UNC Hospitals officials celebrated the first day of the fall season by warning against a different kind of fall.
Falls Prevention Awareness Day, held Friday, aimed to highlight the risk factors for falling amongst the elderly.
Richard Wall, 67, showcased his renewed sense of balance at the Falls Awareness Fair, joking while standing on one foot that he wouldn’t fall.
After falling in his apartment last April, Wall underwent several sessions of physical and occupational therapy at the UNC’s Geriatric Specialty Clinic.
“All those commercials with, ‘Help, I’ve fallen and I can’t get up,’ — trust me, they are true,” he said.

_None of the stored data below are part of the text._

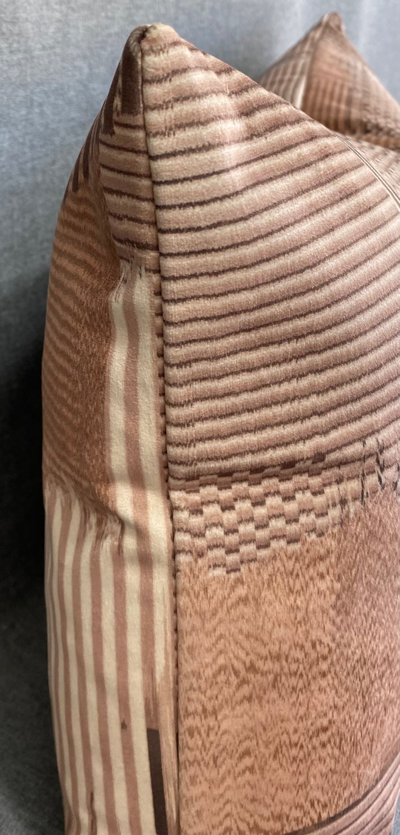 An earthy / tribal vibe that works well with other patterns, black, rust and deep mushroom colors. This pillow is 24" x 14" when measured flat with no filling. With filling it is 6" deep. It contains feather and down filling and is made in America. Chenille stripes of taupe, brown, black & gold on a cream background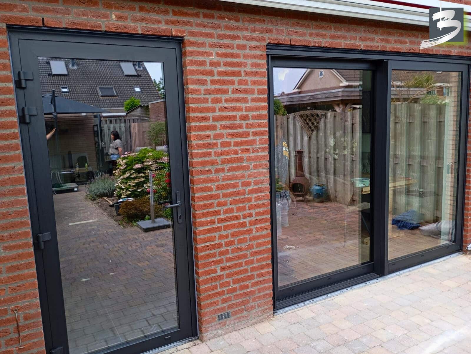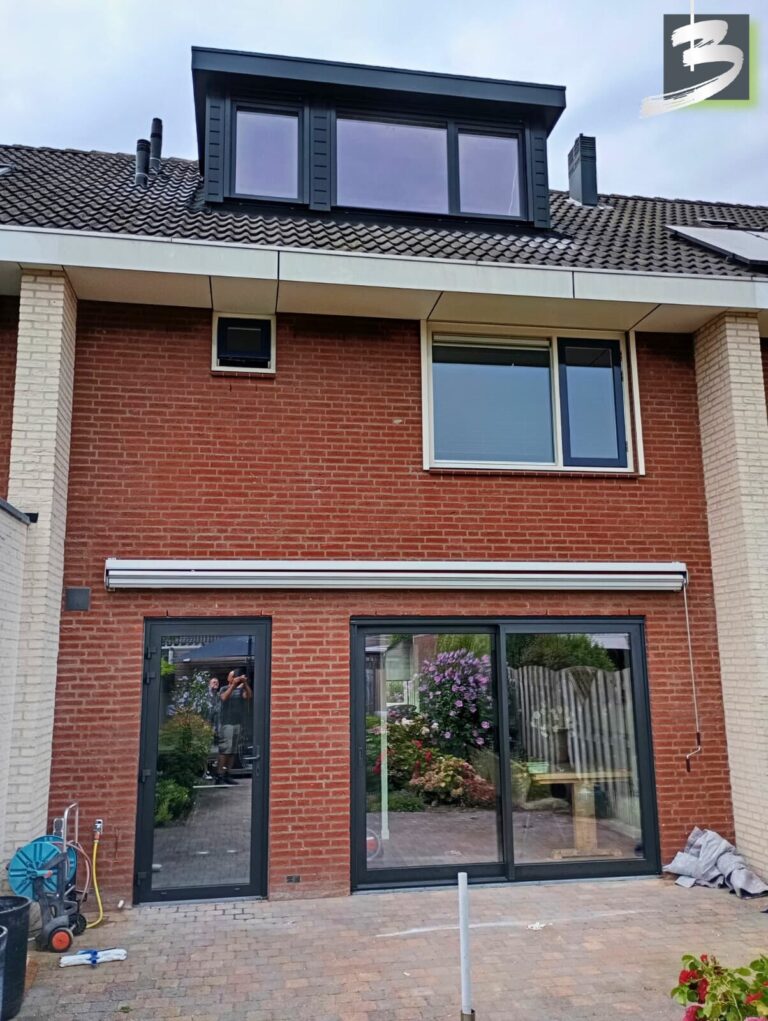Wij hebben aluminium kozijnen geplaatst op de benedenverdieping, evenals een aluminium achterdeur en schuifpui. Door zorgvuldig rekening te houden met de juiste kleurverhoudingen van de verschillende materiaalkeuzes, hebben we een harmonieuze en esthetisch aantrekkelijke combinatie kunnen realiseren.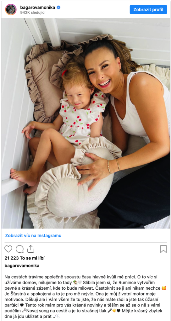 „Slibila jsem si, že Rumince vytvořím pevné a krásné zázemí, kde to bude milovat. Častokrát se ji ani nikam nechce.Je Šťastná a spokojená a to je pro mě nejvíc. Ona je můj životní motor moje motivace,“ sdílela zpěváčka.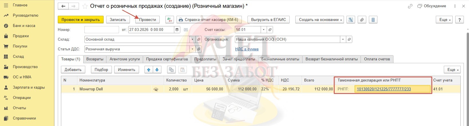 В поле «Таможенная декларация или РНПТ» обязательно укажите РНПТ в соответствии с документами поставщика. Без этого программа не позволит провести документ.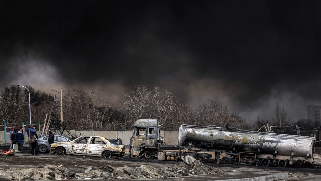 A dark smoke cloud engulfs destroyed vehicles near an ongoing fire following an overnight airstrike on the Shahran oil refinery in northwestern Tehran on March 8, 2026.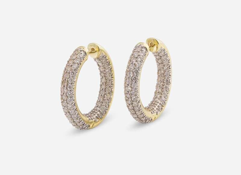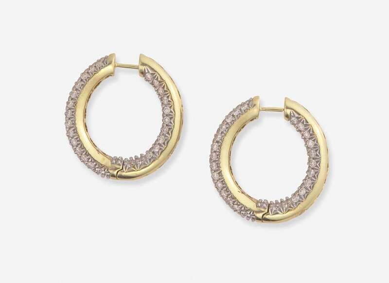 A pair of 14K yellow gold inside-out hoops pave-set with round brilliant-cut diamonds. Diamonds are near colorless (G – J), with SI – I clarity. Total estimated weight of diamonds: 2.20 carats.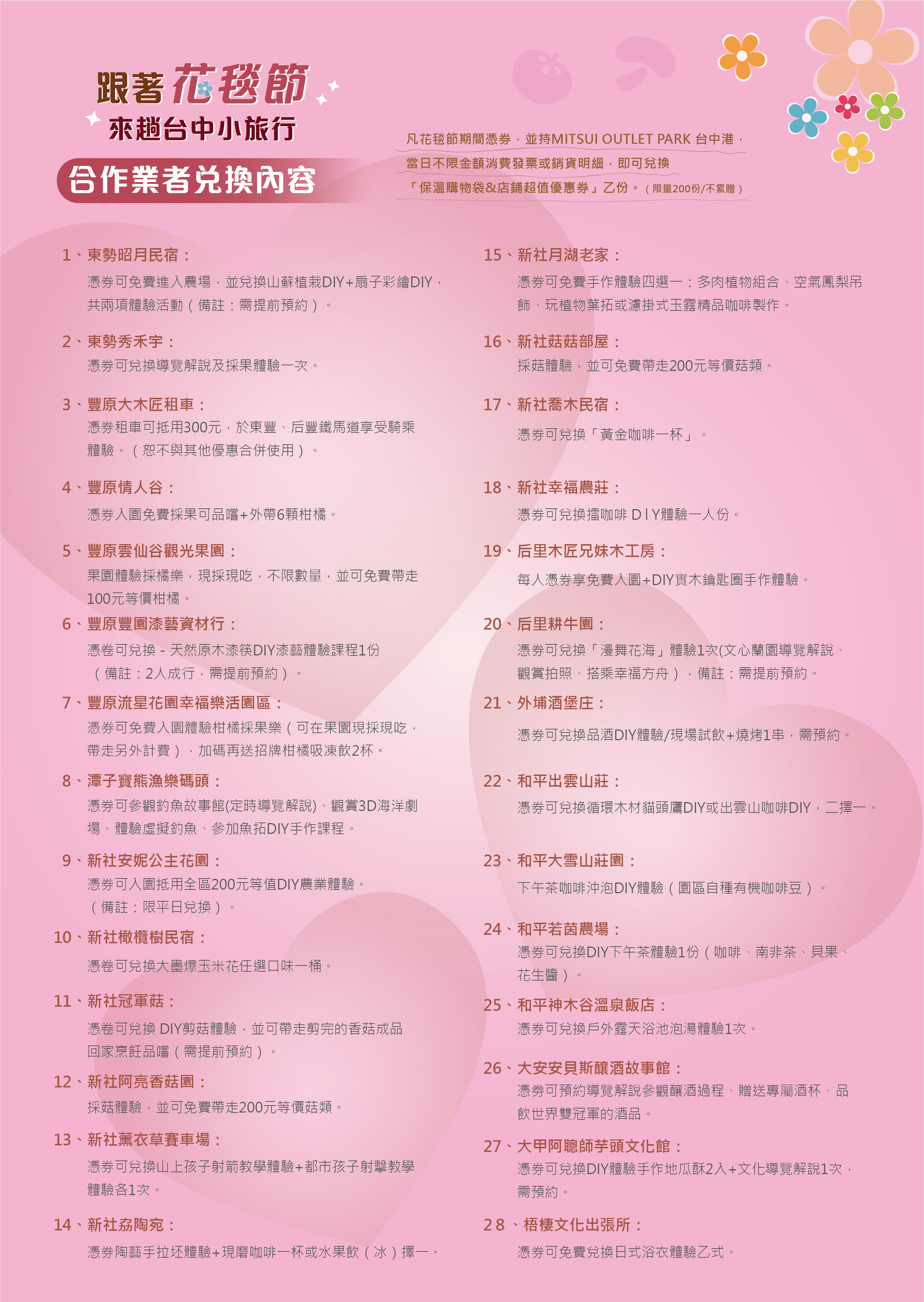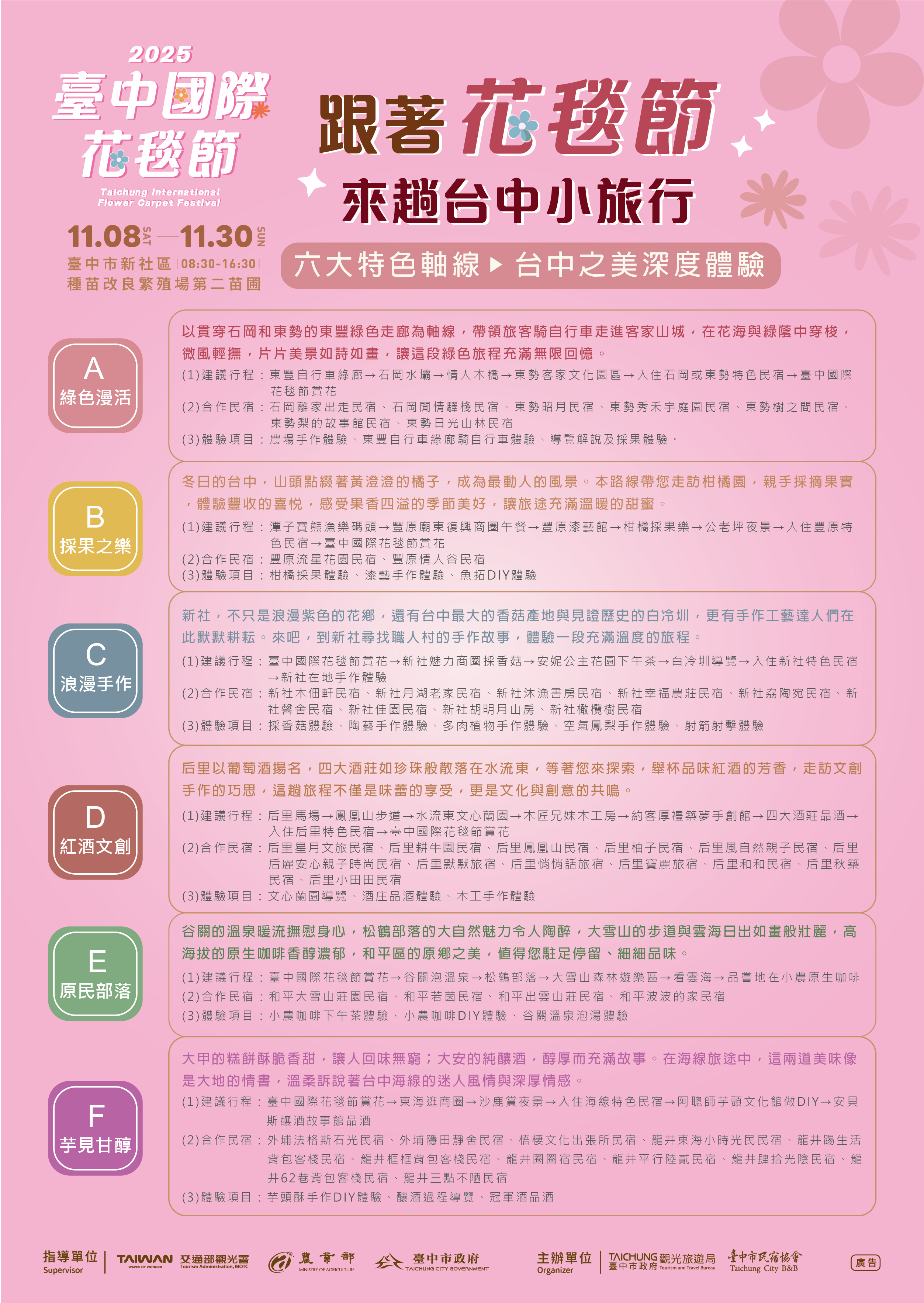 今年台中國際花毯節特別以知名卡通頻道「飛天小女警」為設計靈感,全新打造絕美花毯,以繽紛色彩與童趣造景,呈現夢幻花卉盛宴。新社是台中市內最多民宿申設的轄區,逛完花毯節先別急著回家,不妨選擇在充滿田園氣息的民宿留宿一晚,今年觀旅局與台中市民宿協會及MITSUI OUTLET PARK台中港合作,花毯節期間入住山城及海線民宿即享優惠活動,不僅可至合作店家體驗手作等優惠,並可持MITSUI OUTLET PARK台中港當日不限金額消費發票或銷貨明細,兌換「保溫購物袋 & 店舗超值優惠券」乙份。(限量200份/不累贈)。更多的訊息可至「大玩台中」臉書粉絲團( https://www.facebook.com/taichungresort/?locale=zh_TW )、「台中觀光旅遊網」( https://travel.taichung.gov.tw/zh-tw )或「台中國際花毯節官網」( https://www.flowercarpet.tw/ )查詢。(11/27*10)*觀旅局
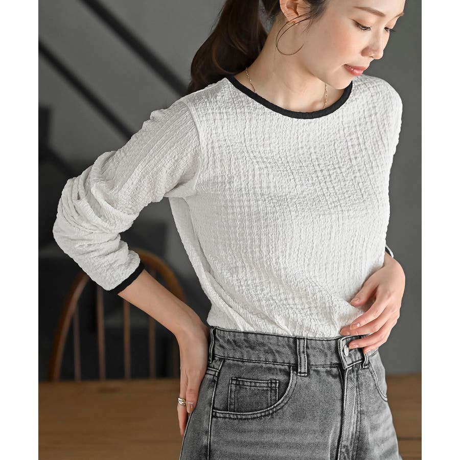 配色ふくれジャガードアソートカットソー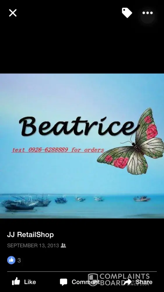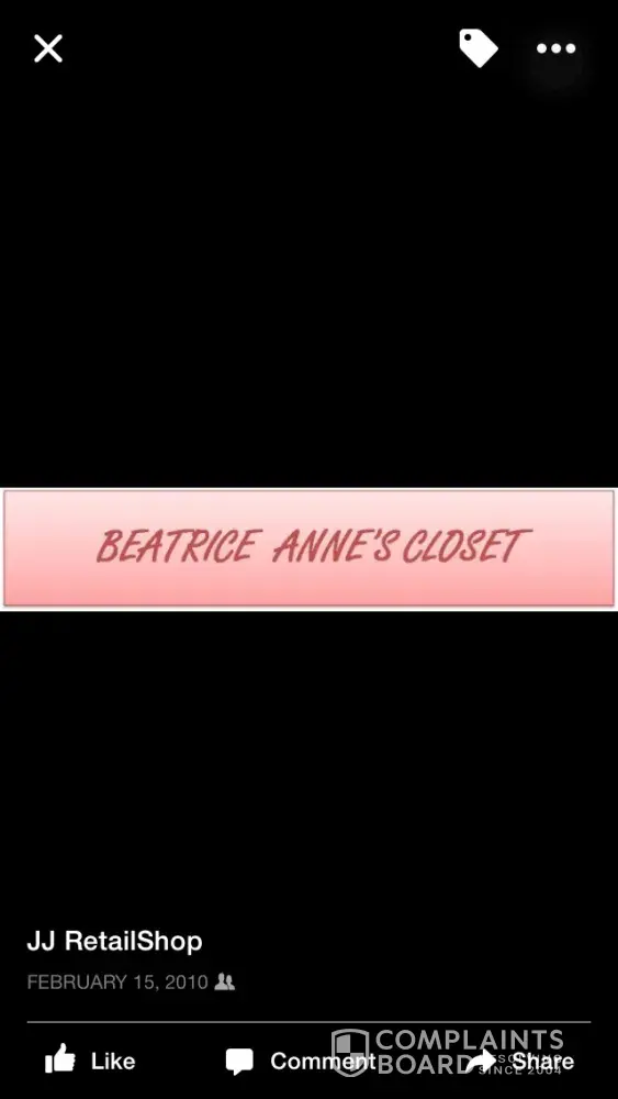 Read full complaint and 3 commentsJJ retail shop and Beatrice Anne Gellido - Beatrice Ann Gellido or Anarita Gellido

“I crashed down on the floor. Very fortunately, I had my cell phone with me, and I could call the ambulance and a friend,” he said.
Dr. Jan Busby-Whitehead, director of the UNC Center for Aging and Health, said people aged 65 and older living alone are 30 to 40 percent more likely to fall. That likelihood increases to 50 percent when the elderly move to long-term care facilities.
Busby-Whitehead said there are multiple risk factors that lead to falls, including memory loss, cognitive impairment, vision loss and medical conditions like diabetes that can result in a loss of feeling in the legs and feet.
But the most common and most treatable cause of falling, she said, is medication.